Given League’s (often unfair) reputation as a hotbed of gamer toxicity, it can be tempting for some to read these upset fan reactions as stereotypical fan hyperbole. But they all have a point. Riot Games, and Jeffrey Lin in particular, have sounded a more conciliatory message than any other game developer when it comes to the company’s many ambitious plans to curb in-game toxicity. In article after article, Lin has spoken about the importance of rehabilitating players rather than simply punishing them — providing them a chance (or several) to see the error of their ways and inviting them back into the fold to keep playing. At the end of the 2014 season, Lin himself said that Riot had decided to try and motivate both neutral and toxic players to “strive to be sportsmanlike in a larger range of games” by granting them “mystery gifts” — randomised, impossible-to-predict extrinsic rewards for not receiving any sort of restrictions during the 2014 season. At the time of the “mystery gifts” announcement, Lin said on Reddit that Riot was implementing this feature because they feel that positive reinforcement is just as important (if not more so) to repairing negative player behaviour as punishing people is.

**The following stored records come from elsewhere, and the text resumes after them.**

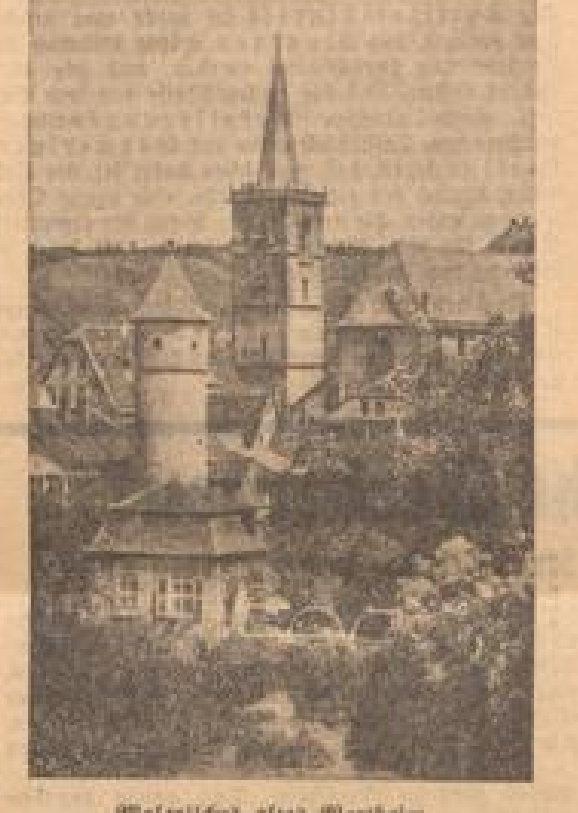
Malerisches altes Wertheim (Radio HNS)

Das sauberste schöne Städtchen am Zusammenfluss von Main und Tauber im frischen Grünland dieser Malerstadt gibt den hervorragenden Hintergrund für die Festtage. Der Kreistag beginnt mit der Hünfeldener Fahrt am Ost-Weiß-Platz nach dem Rathaus am Kaffeetisch, wo dann zu Ehren der Götter ein Kranz niedergelegt wird.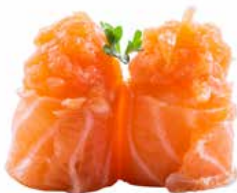
87 · GIO SPICY SALMON | € 4,50 🌶️ Bocconcini di riso avvolti con salmone, guarniti con tartare di salmone condita con salsa speziata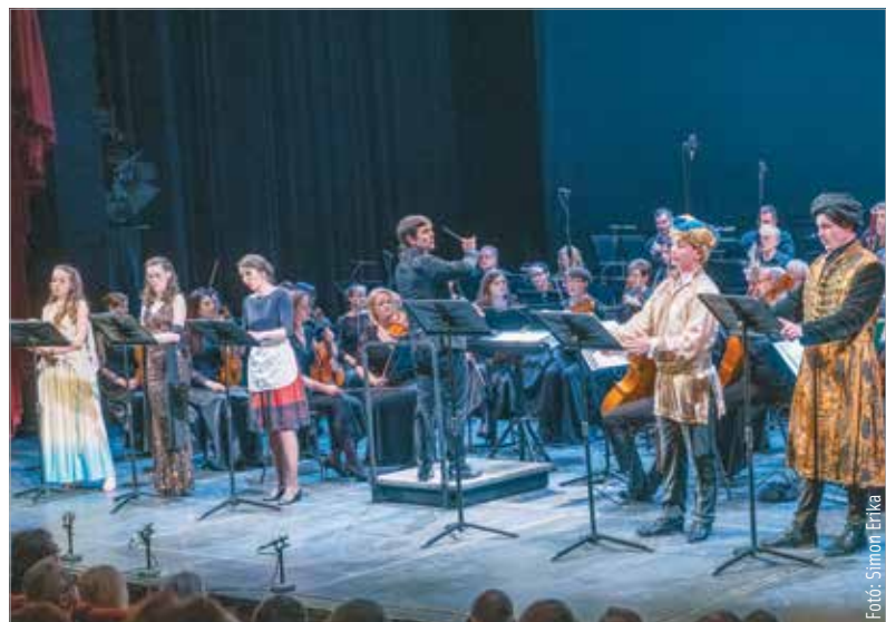
A produkció hangversenyszerű formában mutatta be a darabot neves énekművészek, valamint a Vox Mirabilis Kamarakórus közreműködésével

That “more carrot, less stick” approach has been a centrepiece of Riot’s publicly stated philosophy for years now, one that they have only become more gung-ho on in 2015. In an interview with the gaming site Gamasutra earlier this year, Lin also pointed out that the type of toxic interactions that lead to things like temporary bans and chat restrictions aren’t a sign that people themselves are actually toxic. More often than not, they’re just having a bad day:

So in our analysis of the whole player demographic, only 1 per cent of players are the ones who are consistently homophobic, sexist, or racist. What’s interesting, though, is that they’re not responsible for a lot of the toxicity in the system.

So when you break down the ecosystem — how much toxicity is sourced from that 1 per cent — it’s only about 5 per cent. Actually, the majority of toxicity is the neutral or positive players.

And the thing is that every once in a while, they will have a bad day — a bad day at work, bad day at school. They will carry that into their game. 90 per cent of the toxicity is those players. So you look at a 100-game history, and they may be only negative in three games. And the question for us is, “How do you solve that problem?”

But part two of that is what we learned this year: Even though a small minority is truly negative, they can control your community’s perception by themselves. It just takes — and this is really interesting — 11 per cent of negative posters on a forum discussion to just change the direction of the forum discussion.

I’m concerned about the message that Lin’s latest statement sends to the very players he’s describing here. A number of the people I play League with on a regular basis have received restrictions this year for exactly the reasons Lin is describing there: they lose their tempers in the ultra-competitive pressure cooker environment of a ranked match, as anyone would from time to time.

Is that reason enough to deny someone a reward they have been working towards for almost a year now — particularly when they had no idea that something as relatively innocuous as a single temporary chat restriction might ruin their entire 2015 ranked season? Along with many of the vocal League of Legends fans who’ve taken issue with Lin’s statement, I’m highly sceptical of such a severe punishment. If anything, it seems like the same “neutral” or “toxic” players Lin described in his mystery gifs statement would now see absolutely no reason to improve themselves — at least for the rest of the current season.

At the very least, Lin’s statement only referred to Riot’s plans for the end-of-season rewards, not an actual policy that’s set in stone. Hopefully that means they still have time to reconsider.